Here’s what it should’ve been for an MVP:
// Simple Supabase approach
const { error } = await supabase.from("organization_invitations").insert({
organization_id: orgId,
email: email,
role: role,
invited_by: userId,
});
if (error) throw error;
await sendInvitationEmail(email, orgName);
Eight lines. Versus 60+ lines of Go with custom error handling, detailed validation, structured logging, and async email sending.
To be clear: if I were building this today at scale, I’d still choose Go. Custom backends scale better, give you more control, and handle complex business logic elegantly. But I wouldn’t write 70,000 lines. I’d write maybe 10,000-focused on the core business logic that actually differentiates the product, not reimplementing what Supabase already does well.
What I Built vs. What I Should’ve Built
| What I Built | What I Should’ve Built |
|---|---|
| Custom Go backend with service layers | Next.js API routes (migrate to Go later) |
| Multi-stage CI/CD with load balancing | Vercel deploy button |
| Custom email queuing system | Resend (one API call) |
| 3 containerized Docker instances | Single Vercel deployment |
| Custom auth with JWT + refresh tokens | Supabase Auth + GitHub OAuth |
| Interface-based dependency injection | Direct database calls |
| Red-green deployment strategies | Push to main, auto-deploy |
| 2-week billing system integration | Stripe Checkout (30 minutes) |
| Custom error types with metadata | Standard HTTP errors |
| Structured logging infrastructure | Console.log (seriously) |
| Custom slug generation + validation | Supabase database constraints |
Every single “enterprise feature” I built had a dead-simple alternative for getting started. I could have validated the product in weeks, then gradually migrated the hot paths to Go as scale demanded it.

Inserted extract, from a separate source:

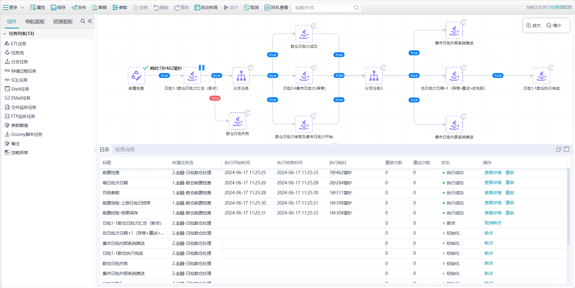• 灵活干预调度,包括任务重试、调度重试、断点、重做、依赖链重做等。
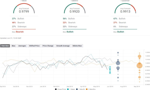 调查对本周美元兑瑞郎汇率预测中值为0.9799;未来一个月汇率预测中值为0.9920,未来三个月汇率预测中值为0.9913。

But I didn’t do that because I wanted to learn. And I did learn-I now know how to build enterprise systems that can scale to millions of users. I just learned it at the cost of never shipping.
The Reality Check
The integration problem:
The core idea was simple: eliminate context switching by unifying Slack, GitHub, email, and project tools into one workspace. Focus on one project at a time.
The execution was hell.
Slack’s API has rate limits. GitHub’s webhook events are inconsistent. Email parsing is a nightmare. And syncing everything in real-time? Even Linear-a company with millions in funding and a world-class team-doesn’t do cross-platform integration well.
I realized this before I even started building the integrations. After spending 2 months on infrastructure, I looked at the integration requirements and thought: “If Linear can’t do this well, why do I think I can as a solo 15-year-old?”
The answer: I probably can’t. Not as my first SaaS. Not when I need to learn marketing, sales, customer development, and viral content creation on top of the technical execution.
The skepticism:
I got 100 visitors per day to my landing page. 50 people joined the waitlist.
Then I started talking about it publicly.
The moment people learned my age, the questions started:
- “How could a 15-year-old build enterprise software?”
- “Is this actually production-ready or just a learning project?”
- “Do you even understand what you’re building?”
I thought the code would speak for itself. It didn’t. The dev community is skeptical-rightfully so. A teenager claiming to build what venture-backed teams struggle with? It sounds like nonsense, even when it isn’t.